La psychologue a ainsi pu confirmer que les scores de la dépression étaient 2 fois plus élevés chez les filles de 15 ans que chez les garçons. Elle a, également, mis en évidence des variables, prédicteurs de la dépression : le genre de l'adolescent, son âge, mais, aussi, la présence d'agressions verbales, d'un sentiment d'exclusion, ainsi que les résultats scolaires et, ce qui peut paraître étonnant - y compris, dans un premier temps, aux yeux des chercheurs -, les comportements prosociaux.
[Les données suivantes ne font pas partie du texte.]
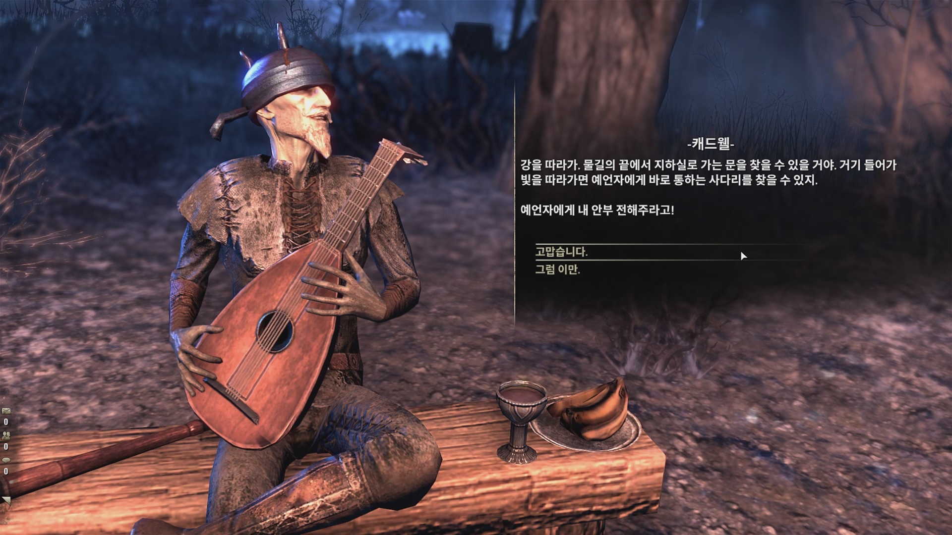 캐드웰을 만나 대화하면 비밀 통로 같은걸 알려준다. 강을 따라가면 문이 있다고 하는데...

"Les adolescents les plus à haut risque de dépression ont tendance à rechercher le contact avec les autres, explique la psychologue. Ils sont toujours prêts à aider les autres ou se montrent attentifs à ce que tout le monde soit bien intégré. Plusieurs hypothèses permettent d'expliquer cette attitude. On peut tout d'abord penser qu'un jeune qui vit lui-même un phénomène d'exclusion, ou qui se sent mal intégré, est sans doute plus attentif ou plus sensible aux humeurs des autres. Il tente peut-être également de ne pas reproduire des comportements qui le blessent. De plus, lorsqu'un adolescent sent qu'il décroche du groupe de pairs, il essaie de s'y raccrocher à tout prix. Une sorte de comportement  de survie le pousse alors à être 'gentil' pour garder un lien social important, sinon vital, à cet âge."

Pourtant, ces comportements prosociaux sont loin de tout régler... au contraire. "Ces efforts pourraient être mal perçus et conduire à favoriser l'exclusion", prévient Aurore Boulard. Un autre facteur mérite d'être mis en parallèle avec ce premier constat : celui du poids des amitiés intimes (investiguées dans la deuxième recherche). Quel que soit l'âge, le fait de ne pas avoir de meilleur ami du même sexe que soi (et ce, même lorsque l'on a un ou des amis intimes de l'autre genre) est hautement corrélé avec le sentiment dépressif. Dans ce contexte, il est également important d'appréhender l'attitude de l'adolescent -et surtout, de l'adolescente- qui compte un grand ami intime. "Les filles, en particulier, risquent d'être en demande d'une relation forte et exclusive. En fait, elles se raccrochent à cette amie, qui les empêche de 'décrocher'. Si cette relation craque, ou si elle ne correspond pas à leurs exigences, souvent élevées, le risque s'accroît de plonger dans une dépression susceptible de mener à une hospitalisation...", signale la psychologue.

Autre élément peu connu et mis en évidence dans cette première recherche d'Aurore Boulard, celui des effets des agressions verbales sur l'augmentation de l'humeur dépressive, et son impact sur les facteurs pouvant mener à la dépression grave. "Les jeunes n'aiment pas faire état de paroles blessantes dont ils font l'objet, pas plus qu'ils ne s'expriment, en général, lorsqu'ils se sentent exclus du groupe. Très souvent, les agressions verbales ne sont pas repérées par les enseignants ou par le personnel scolaire, ne serait-ce que parce qu'il est difficile de s'en rendre compte lorsque l'on passe seulement quelques heures, réparties sur une semaine, avec les jeunes. En pratique, ce phénomène est donc minimisé par les adolescents et par les professeurs", constate-t-elle.